▶ _Task statement_
The data must be given again exactly as written, with all images omitted.

▶ _Supplied material_
-- Opening Marker --

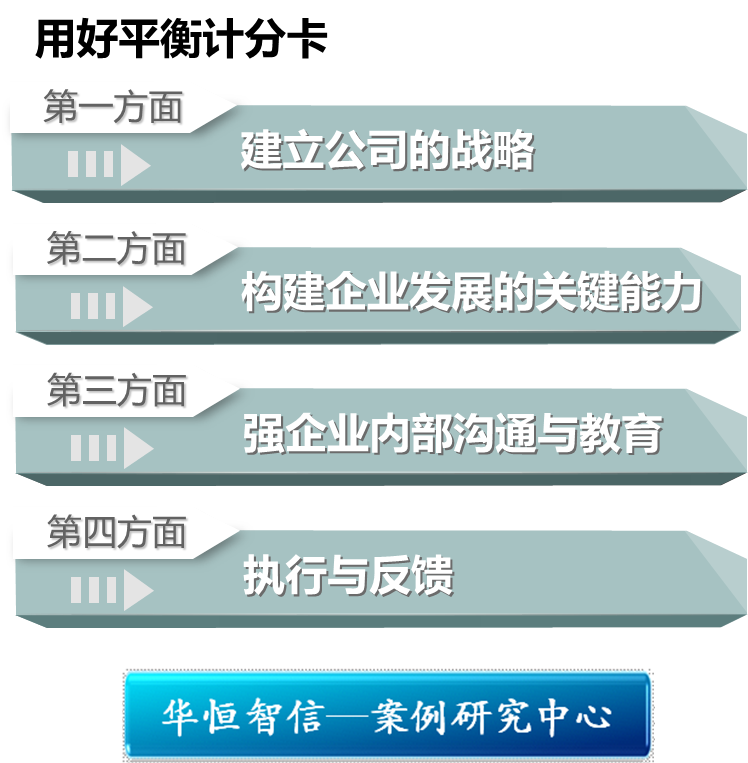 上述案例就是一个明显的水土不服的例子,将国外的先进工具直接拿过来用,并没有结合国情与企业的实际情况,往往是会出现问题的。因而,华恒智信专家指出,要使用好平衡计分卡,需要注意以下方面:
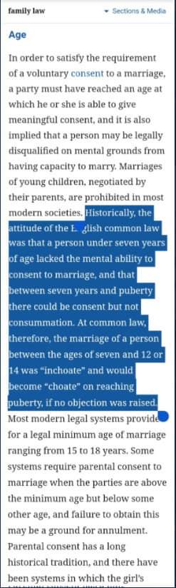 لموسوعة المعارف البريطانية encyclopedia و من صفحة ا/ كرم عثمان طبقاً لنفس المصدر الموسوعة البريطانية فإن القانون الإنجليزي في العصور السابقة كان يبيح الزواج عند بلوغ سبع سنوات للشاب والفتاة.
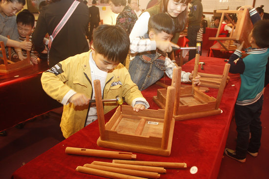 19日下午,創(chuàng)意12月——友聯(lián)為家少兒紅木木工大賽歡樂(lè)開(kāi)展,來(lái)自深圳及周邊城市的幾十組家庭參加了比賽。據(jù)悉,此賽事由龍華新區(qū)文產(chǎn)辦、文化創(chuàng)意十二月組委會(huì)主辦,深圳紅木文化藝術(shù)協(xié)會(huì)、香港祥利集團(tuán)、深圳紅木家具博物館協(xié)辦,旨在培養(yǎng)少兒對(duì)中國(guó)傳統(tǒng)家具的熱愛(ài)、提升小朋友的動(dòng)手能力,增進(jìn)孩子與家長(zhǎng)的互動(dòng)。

-- Closing Marker --

▶ _Answer to this task_
 上述案例就是一个明显的水土不服的例子,将国外的先进工具直接拿过来用,并没有结合国情与企业的实际情况,往往是会出现问题的。因而,华恒智信专家指出,要使用好平衡计分卡,需要注意以下方面:
 لموسوعة المعارف البريطانية encyclopedia و من صفحة ا/ كرم عثمان طبقاً لنفس المصدر الموسوعة البريطانية فإن القانون الإنجليزي في العصور السابقة كان يبيح الزواج عند بلوغ سبع سنوات للشاب والفتاة.
 19日下午,創(chuàng)意12月——友聯(lián)為家少兒紅木木工大賽歡樂(lè)開(kāi)展,來(lái)自深圳及周邊城市的幾十組家庭參加了比賽。據(jù)悉,此賽事由龍華新區(qū)文產(chǎn)辦、文化創(chuàng)意十二月組委會(huì)主辦,深圳紅木文化藝術(shù)協(xié)會(huì)、香港祥利集團(tuán)、深圳紅木家具博物館協(xié)辦,旨在培養(yǎng)少兒對(duì)中國(guó)傳統(tǒng)家具的熱愛(ài)、提升小朋友的動(dòng)手能力,增進(jìn)孩子與家長(zhǎng)的互動(dòng)。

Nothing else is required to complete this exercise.